• _Directions_
What follows is a set of records; repeat them exactly, without the pictures.

--

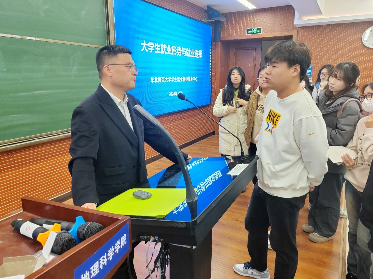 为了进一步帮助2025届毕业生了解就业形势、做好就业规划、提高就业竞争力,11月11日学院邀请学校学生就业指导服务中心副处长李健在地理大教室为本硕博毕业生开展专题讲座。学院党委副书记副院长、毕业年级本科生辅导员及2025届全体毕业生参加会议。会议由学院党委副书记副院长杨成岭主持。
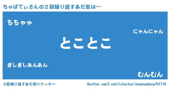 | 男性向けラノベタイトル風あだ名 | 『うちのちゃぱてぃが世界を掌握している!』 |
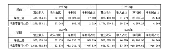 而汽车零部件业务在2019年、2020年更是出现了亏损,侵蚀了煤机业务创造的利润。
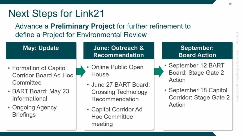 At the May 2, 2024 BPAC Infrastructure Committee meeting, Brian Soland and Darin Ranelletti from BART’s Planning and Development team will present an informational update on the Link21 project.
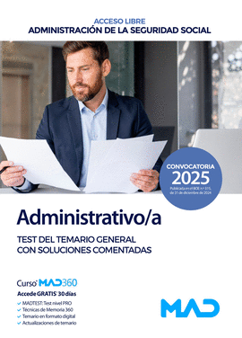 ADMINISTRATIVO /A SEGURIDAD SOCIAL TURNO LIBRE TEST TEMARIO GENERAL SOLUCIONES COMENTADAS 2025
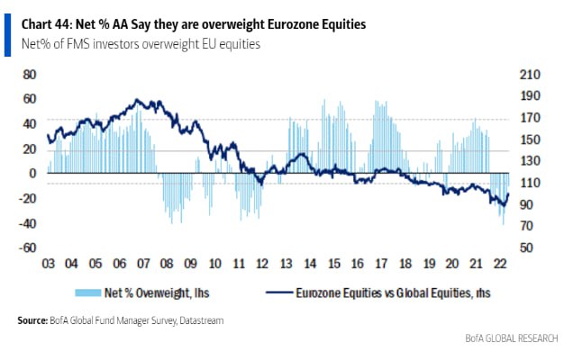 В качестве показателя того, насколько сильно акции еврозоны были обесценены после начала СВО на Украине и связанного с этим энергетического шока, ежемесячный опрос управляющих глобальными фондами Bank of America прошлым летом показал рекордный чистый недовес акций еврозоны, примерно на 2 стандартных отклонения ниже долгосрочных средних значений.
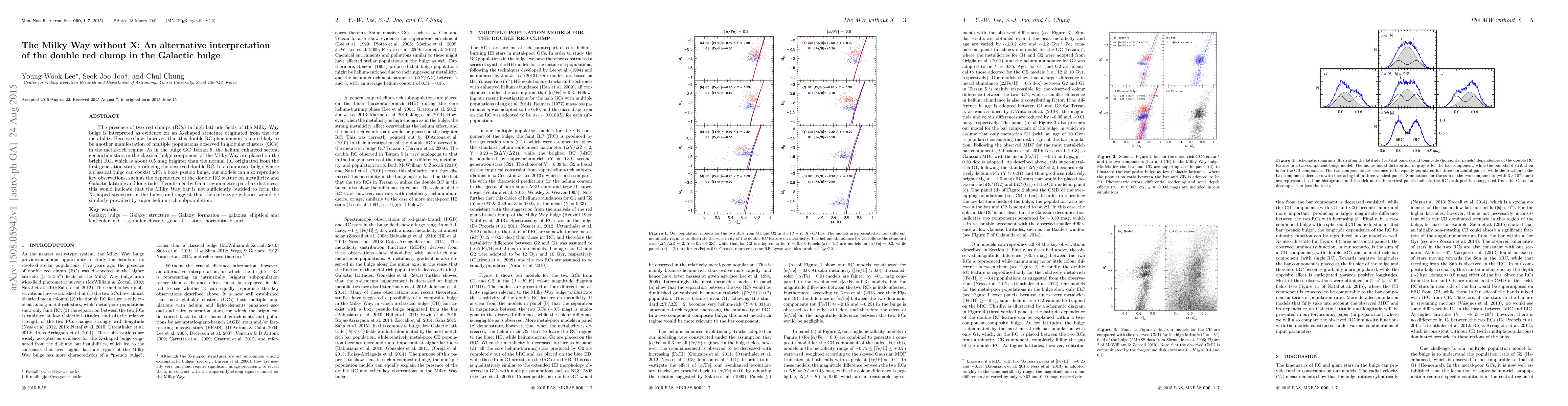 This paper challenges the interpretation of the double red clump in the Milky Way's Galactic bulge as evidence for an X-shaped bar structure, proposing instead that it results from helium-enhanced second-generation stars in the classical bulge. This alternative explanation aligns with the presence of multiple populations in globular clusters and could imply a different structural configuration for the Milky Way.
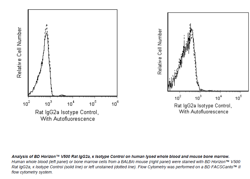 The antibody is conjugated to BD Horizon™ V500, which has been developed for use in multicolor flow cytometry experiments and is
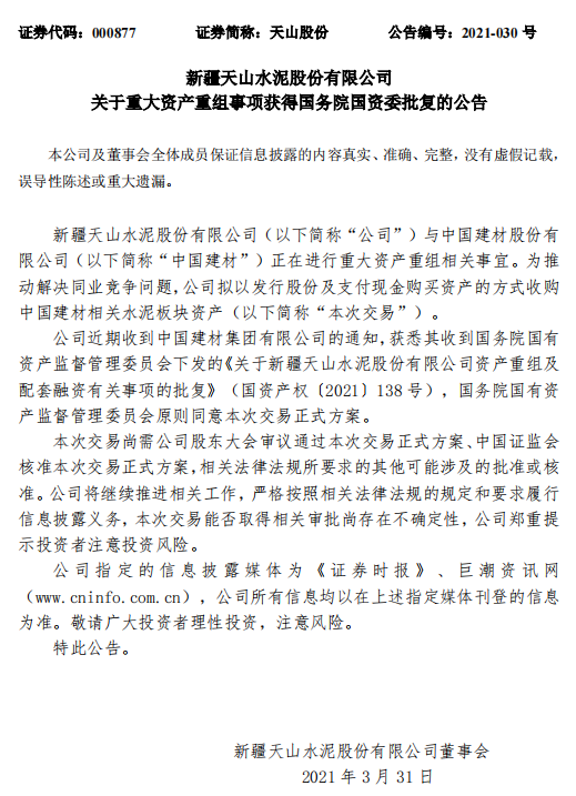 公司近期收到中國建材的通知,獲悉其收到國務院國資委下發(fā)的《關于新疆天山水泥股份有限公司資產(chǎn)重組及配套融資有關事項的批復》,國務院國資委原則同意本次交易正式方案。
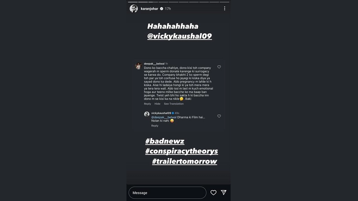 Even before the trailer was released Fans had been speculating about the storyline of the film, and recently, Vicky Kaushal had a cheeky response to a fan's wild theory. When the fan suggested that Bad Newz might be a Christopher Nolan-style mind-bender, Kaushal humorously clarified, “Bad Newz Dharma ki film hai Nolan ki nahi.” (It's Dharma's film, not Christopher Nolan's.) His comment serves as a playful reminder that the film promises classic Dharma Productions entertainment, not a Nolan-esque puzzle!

--

• _Finished task_
 为了进一步帮助2025届毕业生了解就业形势、做好就业规划、提高就业竞争力,11月11日学院邀请学校学生就业指导服务中心副处长李健在地理大教室为本硕博毕业生开展专题讲座。学院党委副书记副院长、毕业年级本科生辅导员及2025届全体毕业生参加会议。会议由学院党委副书记副院长杨成岭主持。
 | 男性向けラノベタイトル風あだ名 | 『うちのちゃぱてぃが世界を掌握している!』 |
 而汽车零部件业务在2019年、2020年更是出现了亏损,侵蚀了煤机业务创造的利润。
 At the May 2, 2024 BPAC Infrastructure Committee meeting, Brian Soland and Darin Ranelletti from BART’s Planning and Development team will present an informational update on the Link21 project.
 ADMINISTRATIVO /A SEGURIDAD SOCIAL TURNO LIBRE TEST TEMARIO GENERAL SOLUCIONES COMENTADAS 2025
 В качестве показателя того, насколько сильно акции еврозоны были обесценены после начала СВО на Украине и связанного с этим энергетического шока, ежемесячный опрос управляющих глобальными фондами Bank of America прошлым летом показал рекордный чистый недовес акций еврозоны, примерно на 2 стандартных отклонения ниже долгосрочных средних значений.
 This paper challenges the interpretation of the double red clump in the Milky Way's Galactic bulge as evidence for an X-shaped bar structure, proposing instead that it results from helium-enhanced second-generation stars in the classical bulge. This alternative explanation aligns with the presence of multiple populations in globular clusters and could imply a different structural configuration for the Milky Way.
 The antibody is conjugated to BD Horizon™ V500, which has been developed for use in multicolor flow cytometry experiments and is
 公司近期收到中國建材的通知,獲悉其收到國務院國資委下發(fā)的《關于新疆天山水泥股份有限公司資產(chǎn)重組及配套融資有關事項的批復》,國務院國資委原則同意本次交易正式方案。
 Even before the trailer was released Fans had been speculating about the storyline of the film, and recently, Vicky Kaushal had a cheeky response to a fan's wild theory. When the fan suggested that Bad Newz might be a Christopher Nolan-style mind-bender, Kaushal humorously clarified, “Bad Newz Dharma ki film hai Nolan ki nahi.” (It's Dharma's film, not Christopher Nolan's.) His comment serves as a playful reminder that the film promises classic Dharma Productions entertainment, not a Nolan-esque puzzle!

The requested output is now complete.